=== ABOUT THIS TASK ===
Since the records include pictures, leave those out while you reproduce exactly and only the lines from the one containing "We turn excess" through the one containing "Reloj de pared", inclusive.

-------------------------

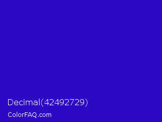 Decimal 42492729 Color is a normal indigo color and the nearest color is Interdimensional Blue #360ccc. Hex code #2c0ac3 and RGB value is rgb(44,10,195). In RGB color space, this color is composed of 17% red, 4% green, 76% blue, In CMYK color space, this color is composed of 77% cyan, 95% magenta, 0% yellow , 24% black , In HSL color space, this color has a hue angle of 251° , 90% saturation and 40% lightness.
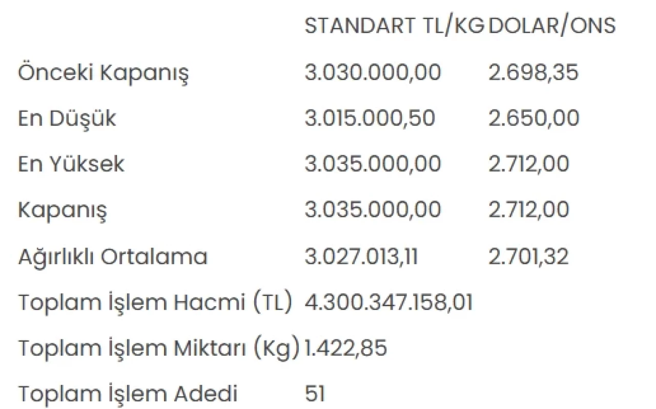 Borsa İstanbul Kıymetli Madenler ve Kıymetli Taşlar Piyasası'nda (KMKTP) standart altının kilogram fiyatı 3 milyon 35 bin liraya çıktı.
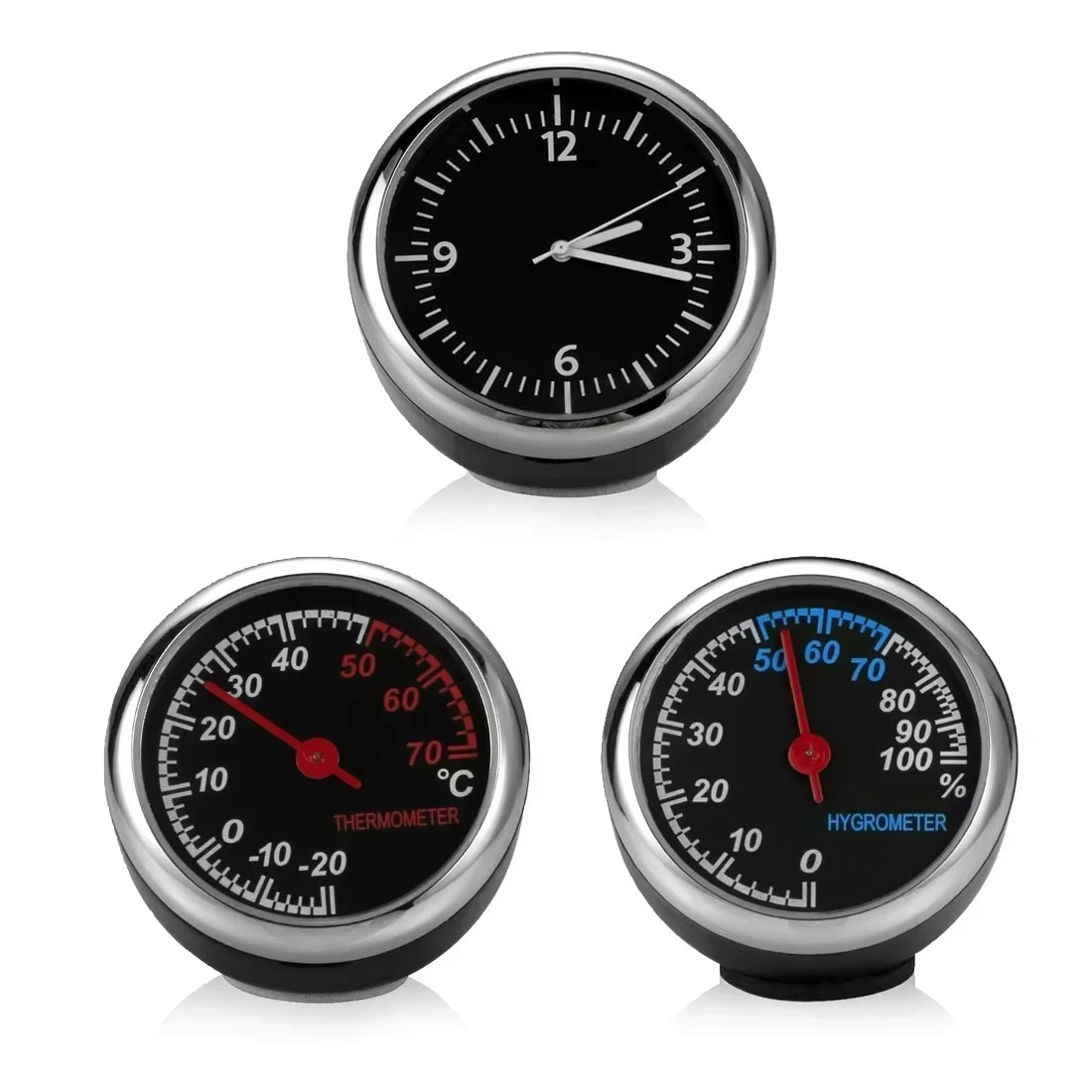 車に設置する簡易的な時計・温度計・湿度計です。時計・温度計・湿度計どちらもアナログタイプで見やすいです。バラでの販売なので1個でも組み合わせて3連にしてもおすすめです。底面に両面テープがついていますので、車内で両面テープが接着できる平らな場所に設置できます。送料無料。普通郵便(定型外)でのお届け。測定範囲:-20℃-+70℃サイズ:40×40×40mm
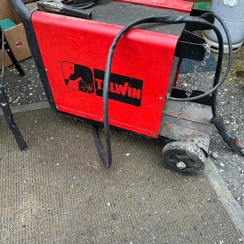 Cebora Poker svetsmaskin med reglerbar strömstyrka. Maskinen är i rött utförande och används för svetsning. Utrustad med kontrollpanel för inställning av svetsparametrar.
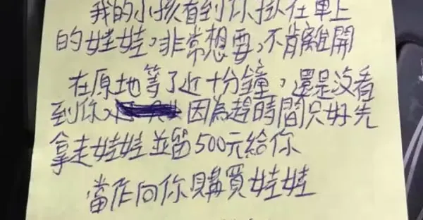 重機後座掛娃娃!家長喊小孩想要「留完紙條就拿走」,車主傻眼「調監視器找到人後」決定算了😮
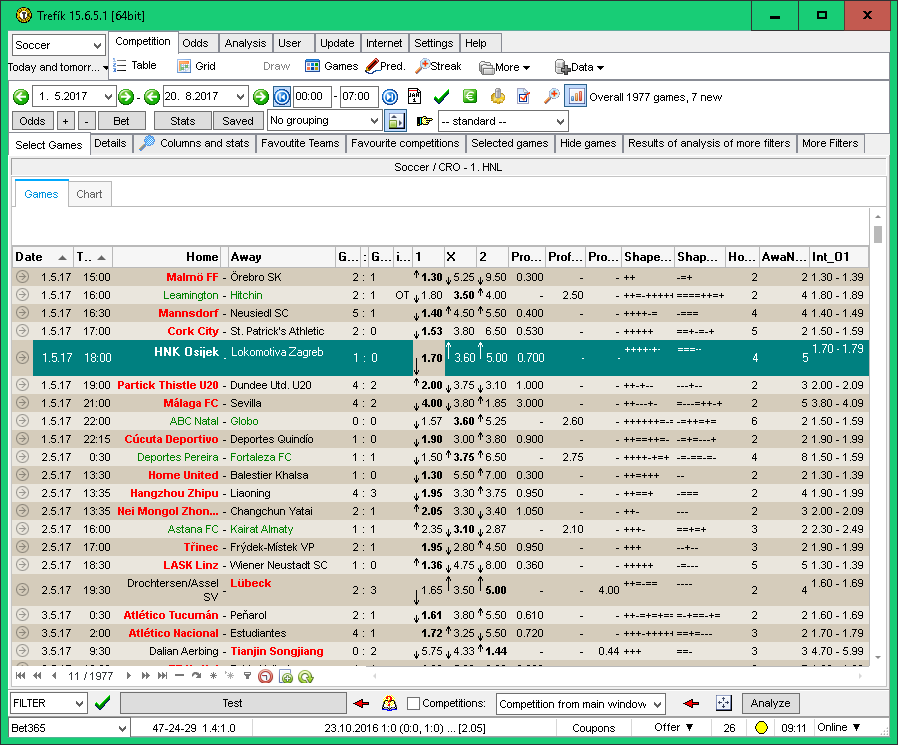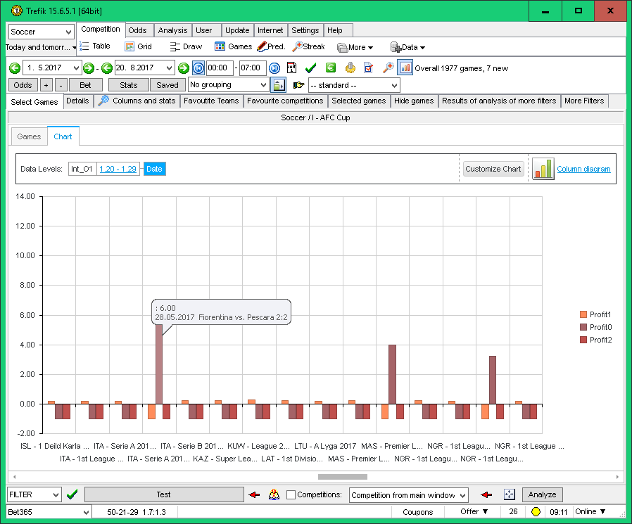 When using the created filter for the football matches for the dates 1.5.2017 - 20.8.2017 and bet365 odds we would get the following list of matches:
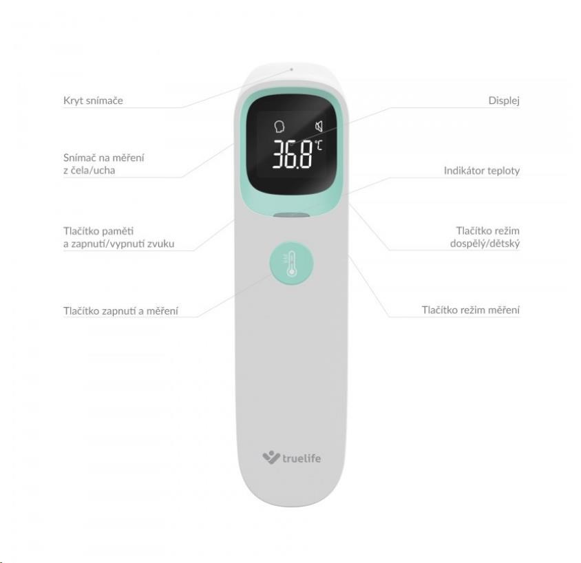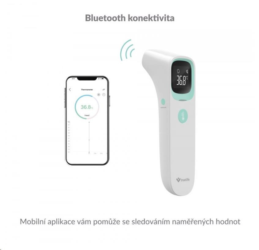 Zdlouhavému držení teploměru v podpaží odzvonilo. Usnadněte si měření teploty při chřipce nebo nachlazení s bezkontaktním teploměrem TrueLife Care Q10 BT. Teplotu dokáže změřit během sekundy s přesností na 0,1°C. TrueLife Care Q10 BT nabízí tři režimy měření, díky kterým dokážete bezkontaktně změřit přesnou teplotu osob z ucha nebo čela, i předmětů nebo tekutin Naměřené hodnoty se zobrazují na LCD displeji a jsou doprovázeny barevným indikátorem a zvukovým signálem. Díky zabudovanému Bluetooth lze teploměr spárovat s telefonem a hodnoty měření uchovávat v mobilní aplikaci. Teploměr se díky jeho malým rozměrům perfektně hodí na cesty, dokáže si zapamatovat 20 naměřených hodnot, a jeho baterie vystačí až na 20 000 měření.
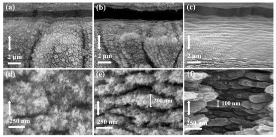 SEM images of surface structures. Here, the laser pulse energy for sample (a–c) is 0.93 μJ, 1.52 μJ and 2.06 μJ, respectively; (d–f) are high-magnification SEM image corresponding to (a–c). Double headed solid arrow represents incident laser polarization.
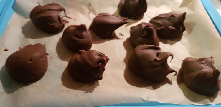 Als ersten Schritt, empfiehlt es sich die Haselnusscreme in kleine „Nockerl“ zu portionieren und einzufrieren. Seit nicht so sparsam, denn Schokolade bzw Haselnusscreme macht glücklich- sagt man 🙂
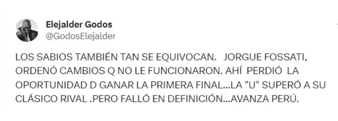 “Los sabios también se equivocan. Jorge Fossati ordenó cambios que no le funcionaron. Ahí perdió la oportunidad de ganar la primera final. La ‘U’ superó a su clásico rival, pero falló en definición. Avanza Perú”; fue el más reciente comentario con el que Elejalder Godos se hizo presente en sus redes sociales oficiales tratando de bajarle los ánimos a quienes cuestionan al DT charrúa por sus movimientos que muchos hinchas esperan que no repita en el partido de vuelta que será de mucha más relevancia por lo que representa el hecho de sumar una nueva estrella.
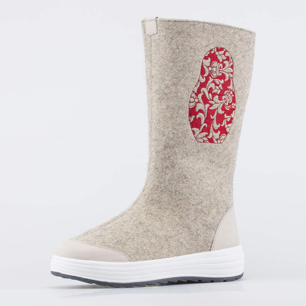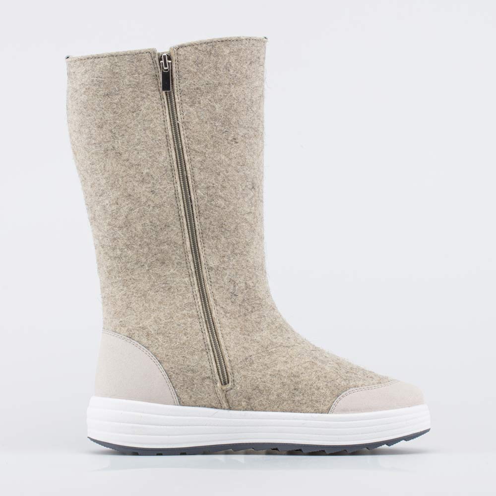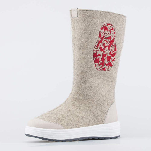 Плотный войлок обладает водоотталкивающими свойствами, дышит и создаёт приятный микроклимат вокруг стопы. Носок и пятку от влаги и реагентов защищают кожаные накладки с ПУ-покрытием.
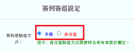 簽到方式:可選擇「手機」或「身份證」
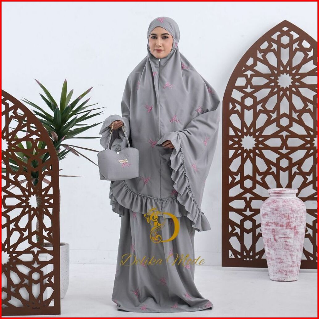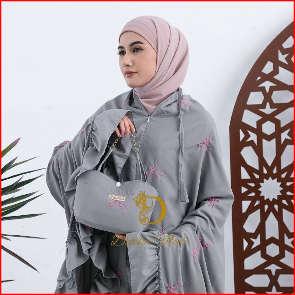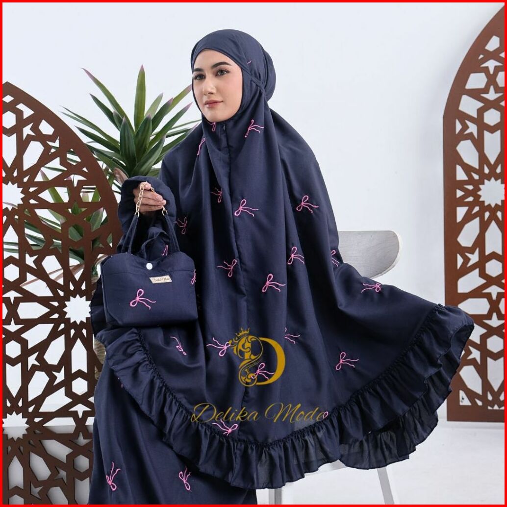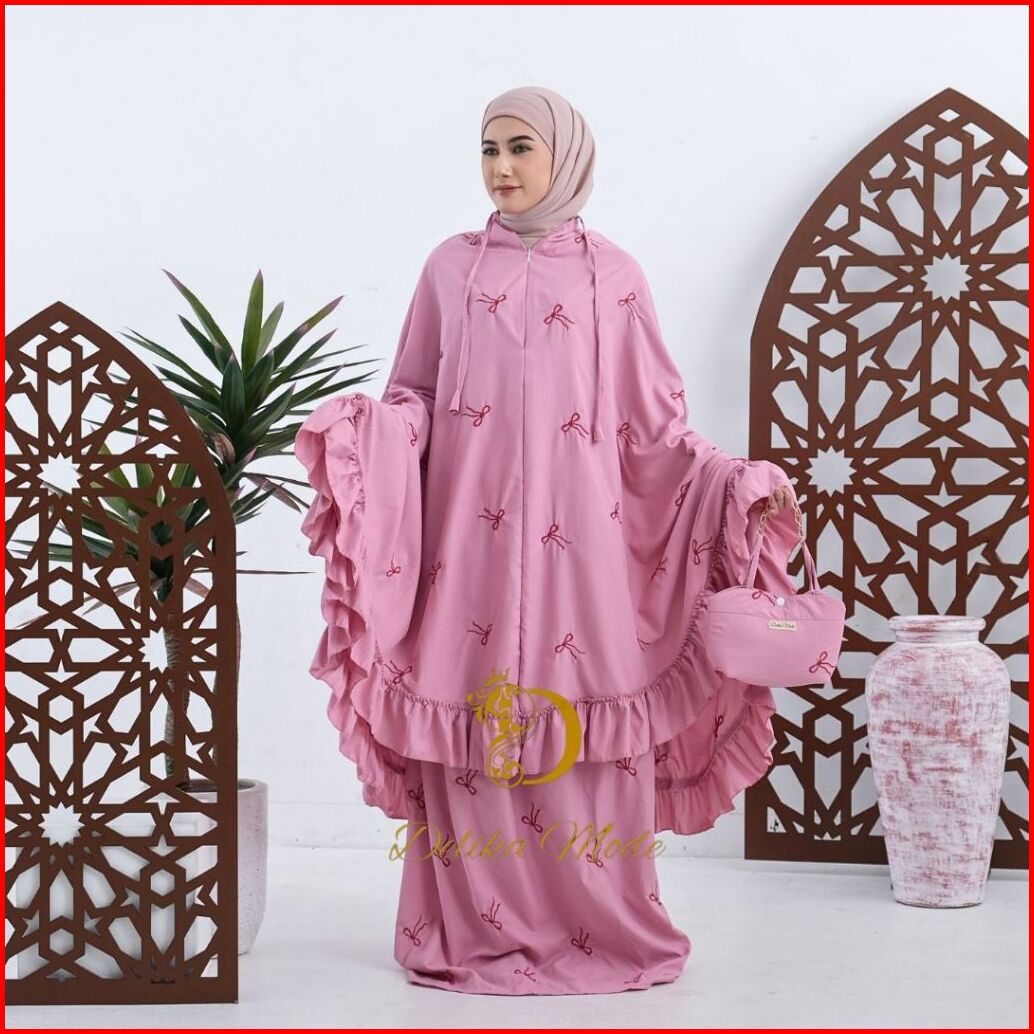 Delikamode - Mukena Dewasa Coquette Bordir Pita 2in1 Katun Premium Rempel Jumbo Mewah
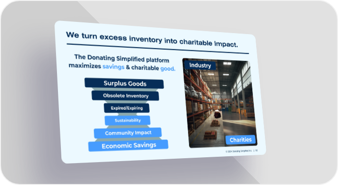 We turn excess inventory into charitable impact. The Donating Simplified platform Industry maximizes savings & charitable good. Surplus Goods Obsolete Inventory Expired/Expiring Sustainability Community Impact Charities Economic Savings © 2024 Donating Simplified Inc. | 03
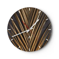Reloj de pared - Reloj de vidrio - Hojas de palma doradas sobre un fondo oscuro - 30x30cm - El oro de los trópicos - Decoración de pared moderna para salón, cocina y dormitorio ARTTOR
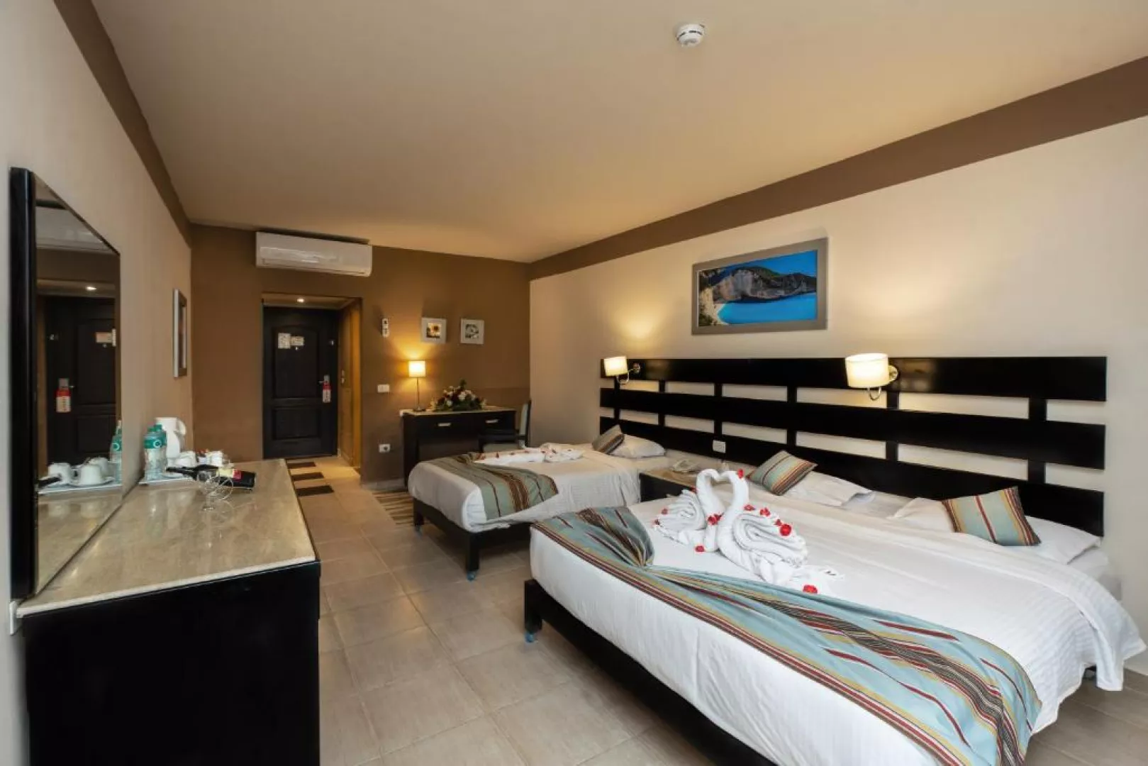 Dvojlôžková izba je vybavená individuálne ovládanou klimatizáciou, telefónom, satelitnou TV, minibarom (za poplatok), kúpeľňou/WC (so sušičom vlasov) a trezorom (zdarma). Izby majú balkón alebo okno. K dispozícii sú aj jednolôžkové izby a rodinné izby, ktoré sú priestrannejšie a ponúkajú výhľad na bazén alebo more.
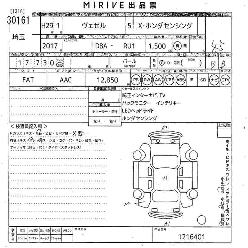 HONDA VEZEL 2017 г., лот № 30161
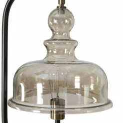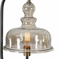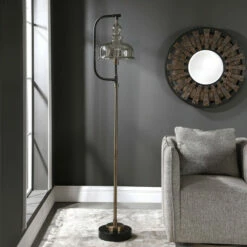 This floor lamp features a delicate design finished in a plated antiqued brushed brass and rusted aged black. The piece showcases a gracefully curved light amber glass shade and includes one 60 watt, BT-58 antique style bulb.
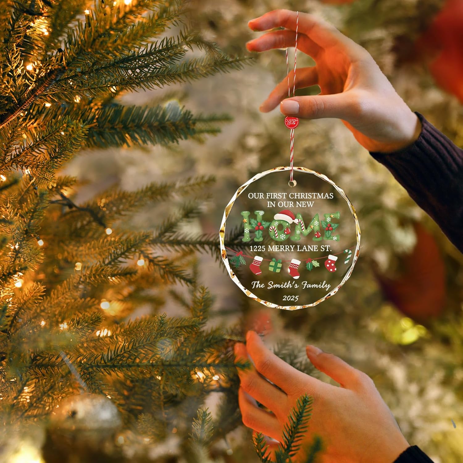 - 🎄️ Versatile Christmas Decorations for Every Space 🎄️ Shine bright this holiday with this crystal our first home ornament 2025! Provided with two hanging cords in red and white to fit all decor styles, this personalized new home ornament is easy and versatile to display on your Christmas tree, mantles, door, window, wall, or anywhere. The premium crystal material creates rainbow reflections when light hits it, making your tree glow like never before
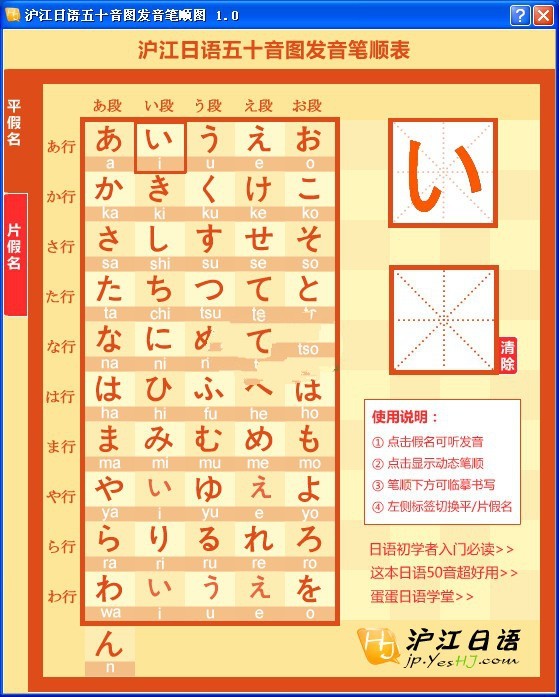 沪江日语五十音图发音笔顺图 1.0
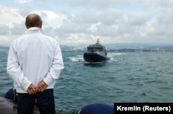 Presa rusă, nici măcar cea din opoziție, nu pomenește nimic despre asta în această dimineață, în schimb Ukrainskaia Pravda se delectează cu subiectul, informându-ne că luxosul iaht a costat 87 de milioane de euro, are 82 de metri lungime, și că este același iaht de croazieră cu care Putin l-a plimbat, în luna mai anul trecut, pe dictatorul bielorus Aleksandr Lukașenko prin Marea Neagră (cf. foto mai sus), la câteva zile numai după ce regimul de la Minsk deturnase un avion european de pasageri.
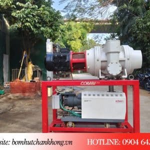 Bơm chân không trục vít ở bên dưới, bơm tăng áp lắp đặt bên trên
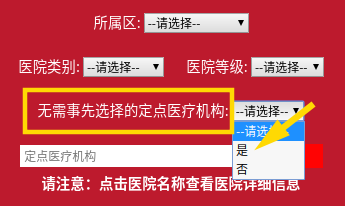 進入頁面后,點擊“無需事先選擇的定點醫(yī)療機構”選項,選擇“是”。
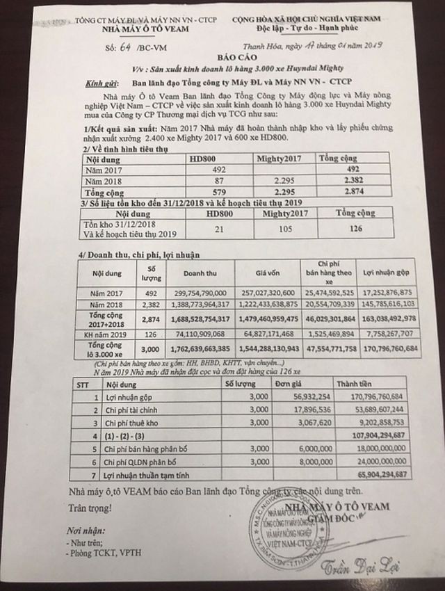 Văn bản chứng minh hợp đồng mua 3000 bộ linh kiện phụ tùng xe Hyundai của VEAM không gây thất thoát
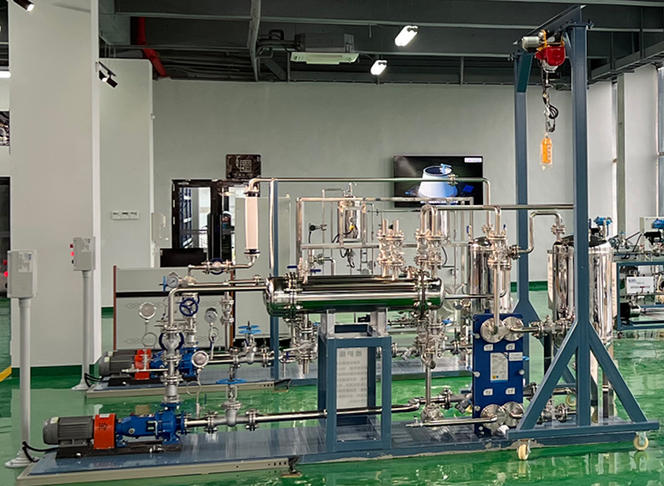 換熱器拆裝實(shí)訓裝置主要由列管式換熱器、浮頭換熱器、離心泵、拆裝工具、清洗工具、工具貨架等組成,用于學(xué)員掌握常見(jiàn)幾種換熱器的內部結構、拆裝作業(yè)、試壓查漏系統作業(yè),以及了解掌握列管式換熱器、浮頭換熱器高壓清洗、試漏、盲板抽堵、系統置換等檢維修作業(yè)流程、壓力容器安全檢驗的有關(guān)知識。配套流體輸送機械、化工儀表和機械制圖等多門(mén)課程的教學(xué)實(shí)踐,如管件識辨、流量計安裝和四大化工參量的安裝、檢測、顯示等。能夠實(shí)現"教、學(xué)、做、訓、考"等一體化教學(xué)實(shí)驗流程。

-------------------------

=== OUTPUT OF THE TASK ===
 We turn excess inventory into charitable impact. The Donating Simplified platform Industry maximizes savings & charitable good. Surplus Goods Obsolete Inventory Expired/Expiring Sustainability Community Impact Charities Economic Savings © 2024 Donating Simplified Inc. | 03
Reloj de pared - Reloj de vidrio - Hojas de palma doradas sobre un fondo oscuro - 30x30cm - El oro de los trópicos - Decoración de pared moderna para salón, cocina y dormitorio ARTTOR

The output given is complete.